Gospel: Luke 8:19-21
(Christ’s nearest family are those who hear God’s word and do it.)
The mother and brothers of Jesus came to him, but they could not reach him because of the crowd. And he was told, “Your mother and your brothers are standing outside, wanting to see you.” But he said to them, “My mother and my brothers are those who hear the word of God and do it.”
Finding wisdom wherever we can
Most of the sapiential literature, notably the Book of Proverbs, defers very little to religious authority; it is based on common sense and wisdom. What has succeeded for so many years, even centuries, has an exceptional power.

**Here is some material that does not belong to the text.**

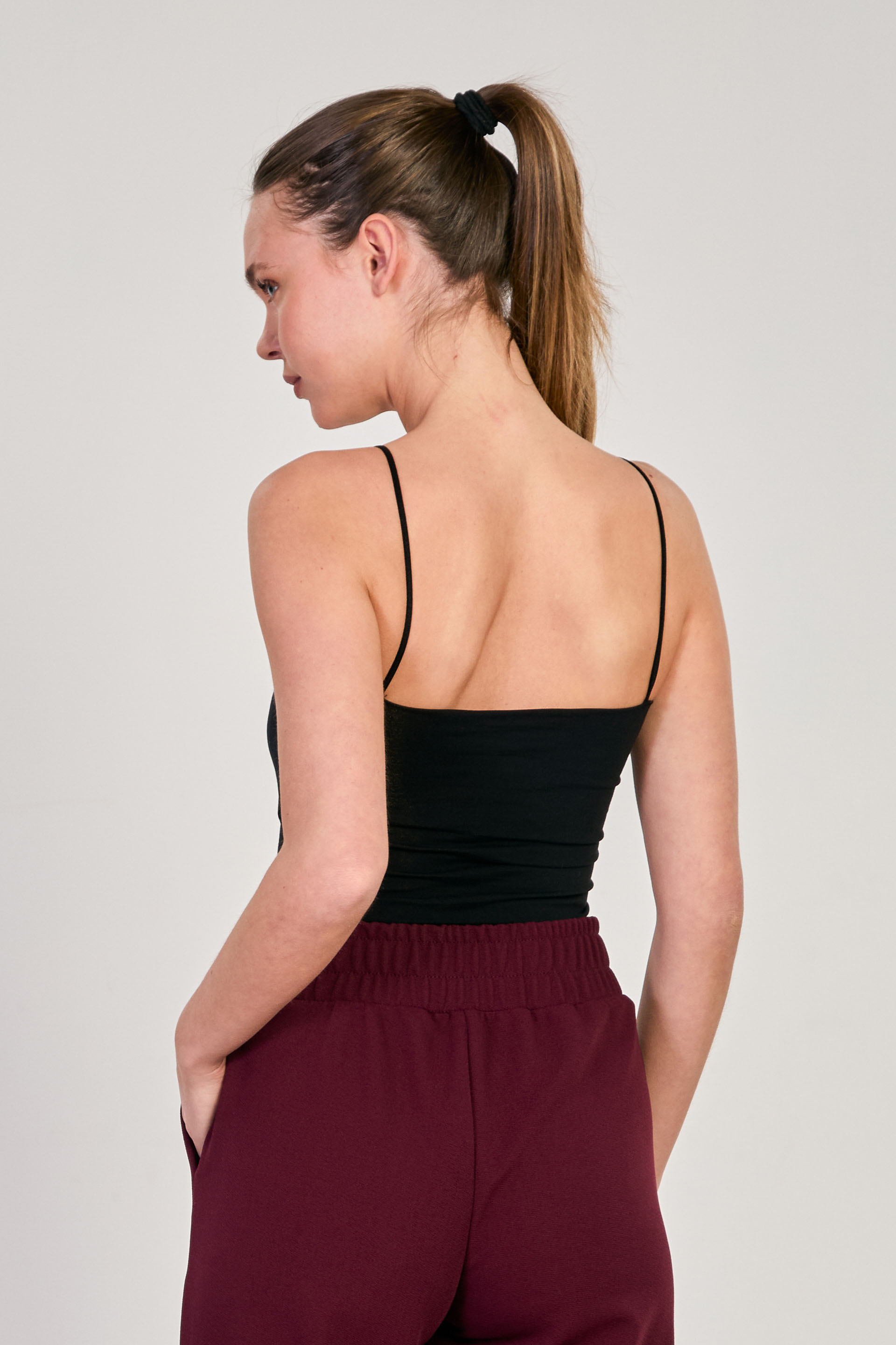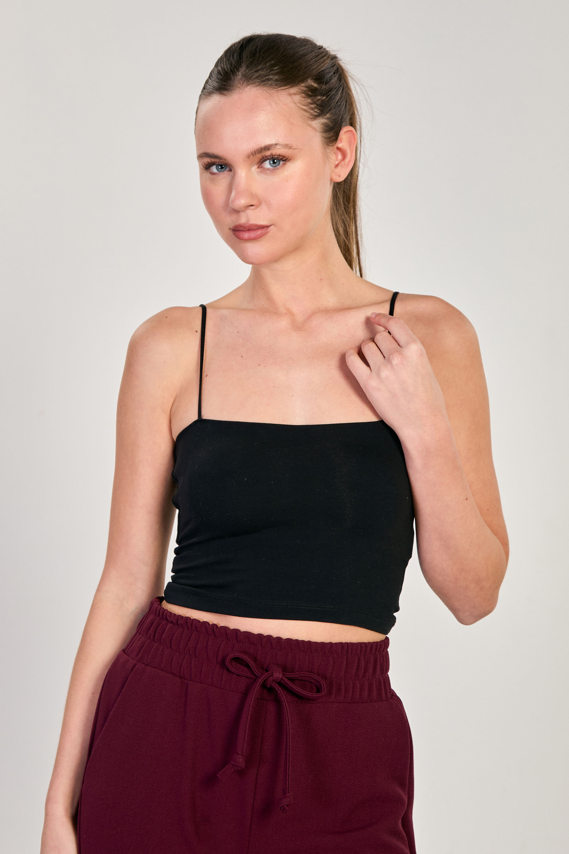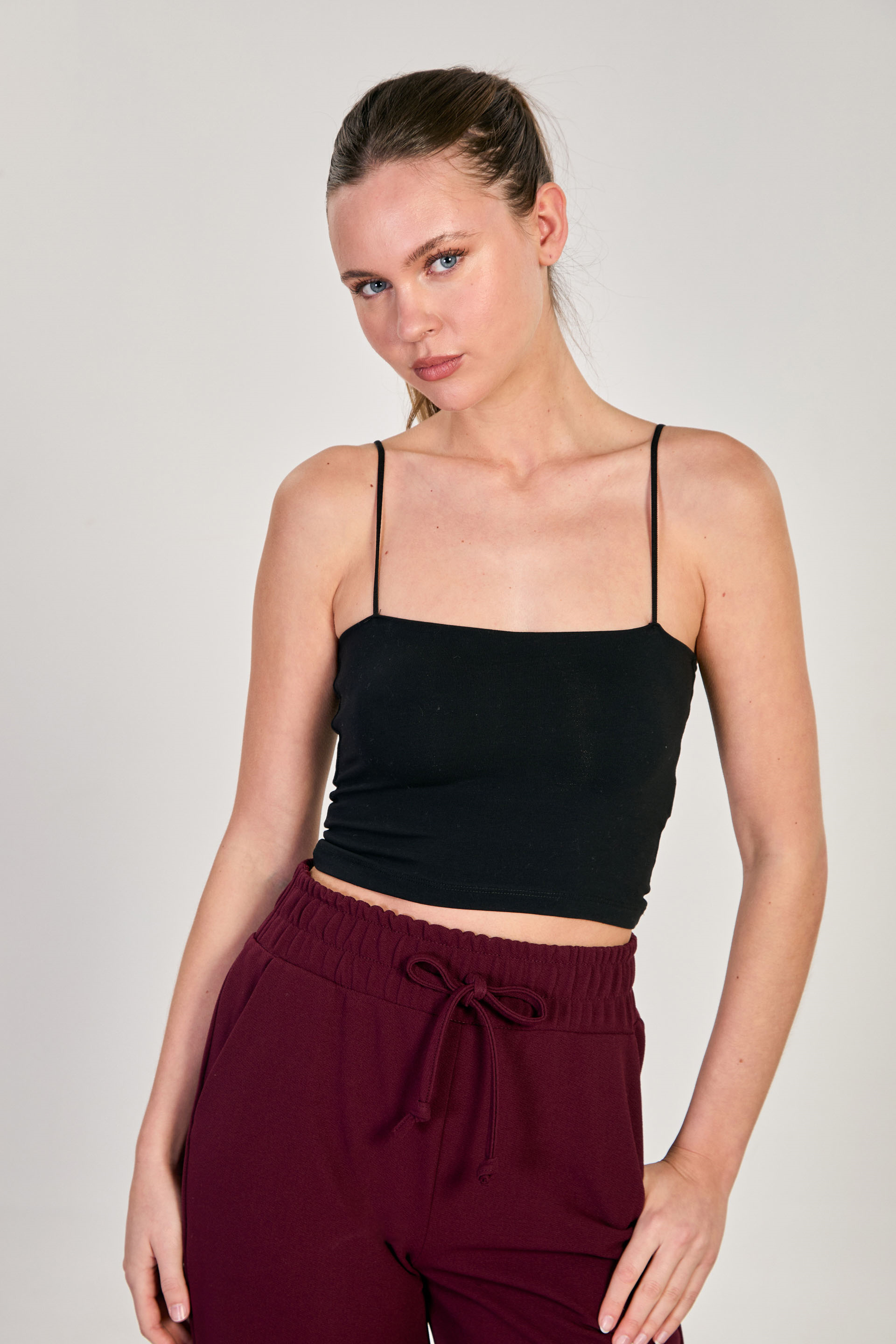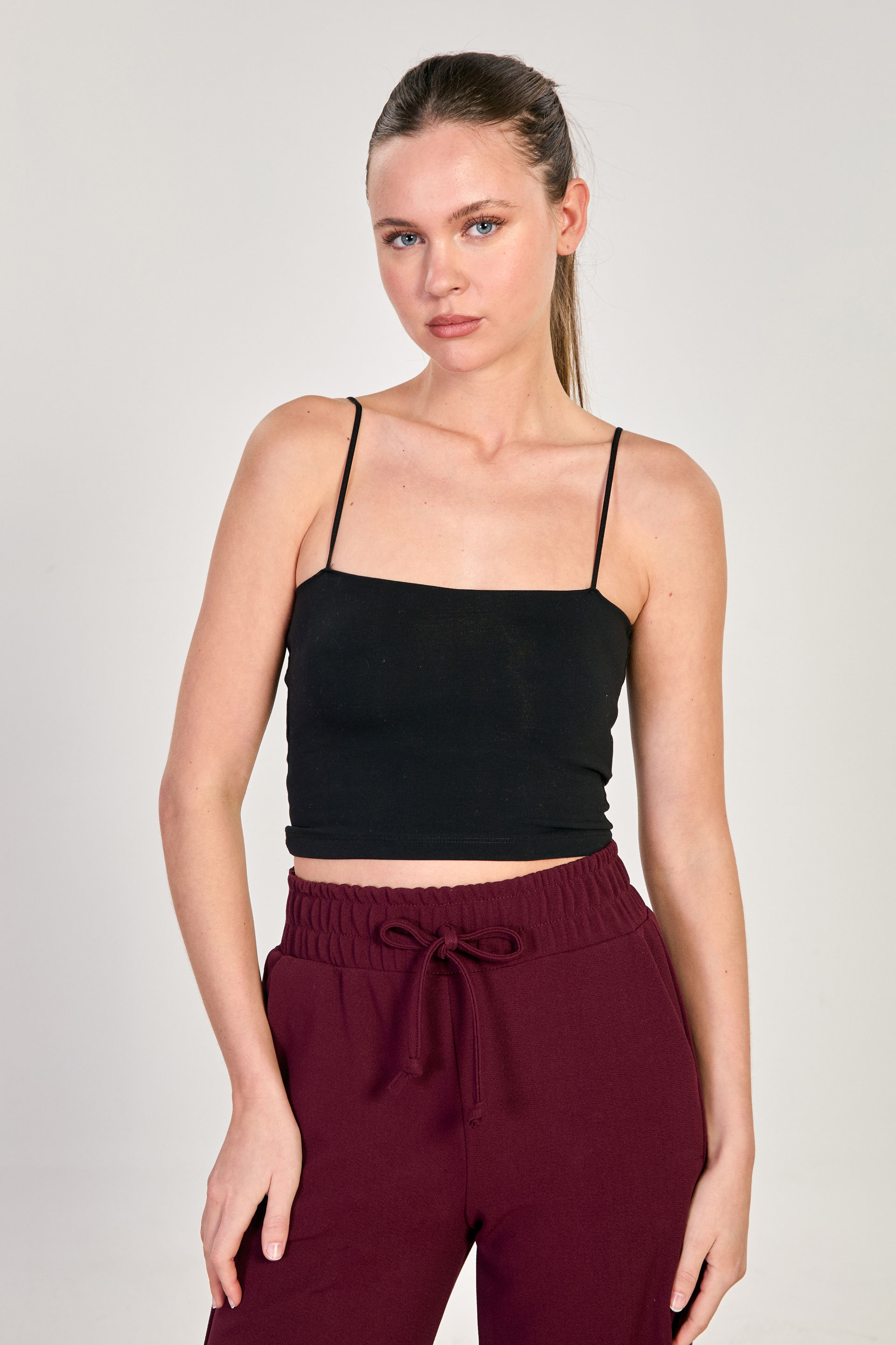 Kadın Göğüs Pedli Askılı Crop Atlet - Siyah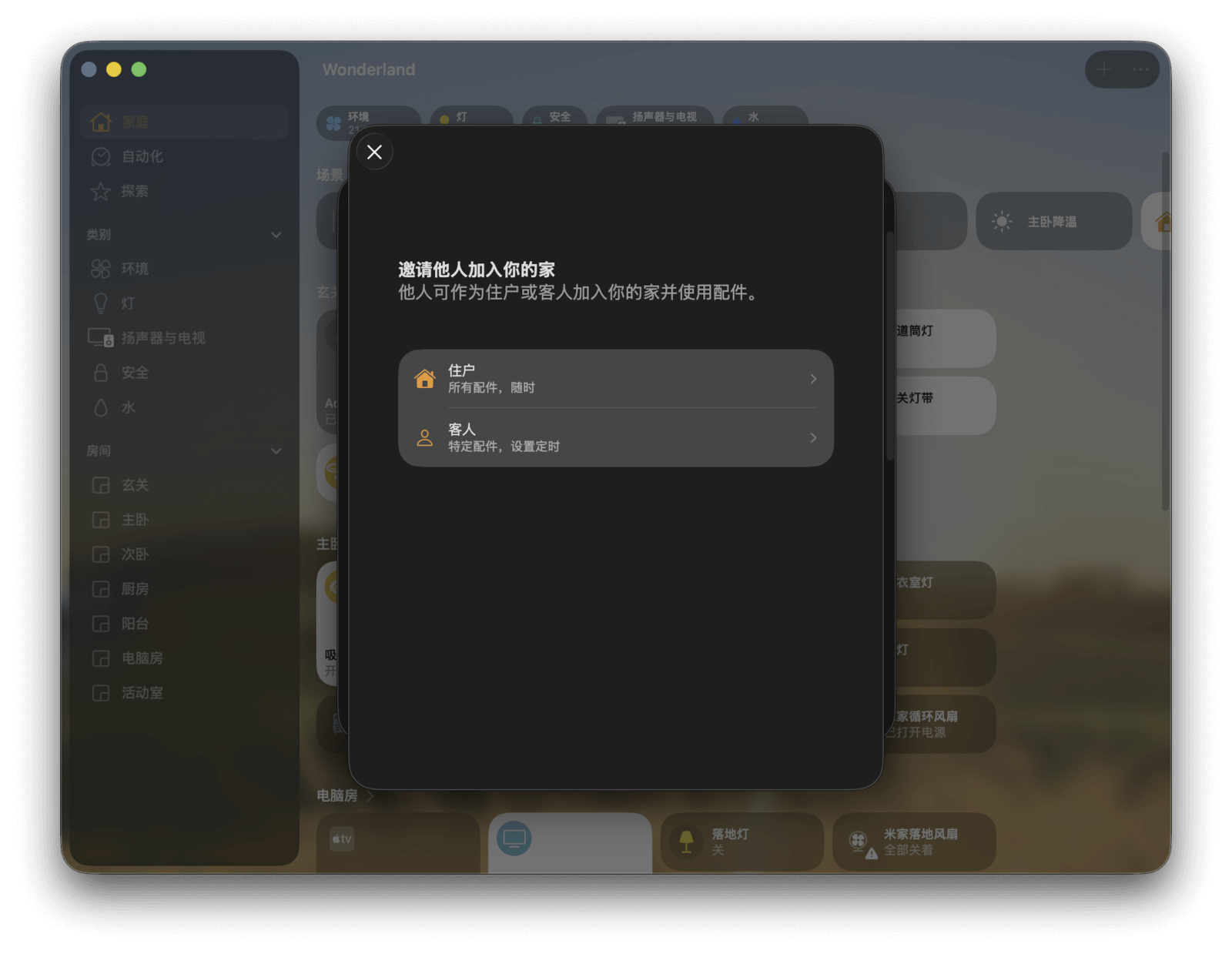 邀请他人控制家中的设备

It has no special set of prerequisites to understand its message. Just be open, honest, reflective, humble, strong, the basic qualities of human nature as it was originally created by God and as it has spread throughout the world. All the world knows and accepts the wisdom of Proverbs: The one who makes a fortune by a lying tongue is chasing a bubble over deadly snares.
Whether we take a more mystical view of life, or the more “secular” way of Proverbs, we must keep a healthy openness to the real world and form ties with real people. Perhaps that was what Jesus meant in his enigmatic reply to his mother Mary and his brothers. It only seems a rejection of his relatives when he says, “My mother and my brothers are those who hear the word of God and act on it”; for elsewhere Luke shows Mary as the great hearer of the Word. But for us to know God’s word we must be open to all who are sincere, virtuous, obedient and responsive to life.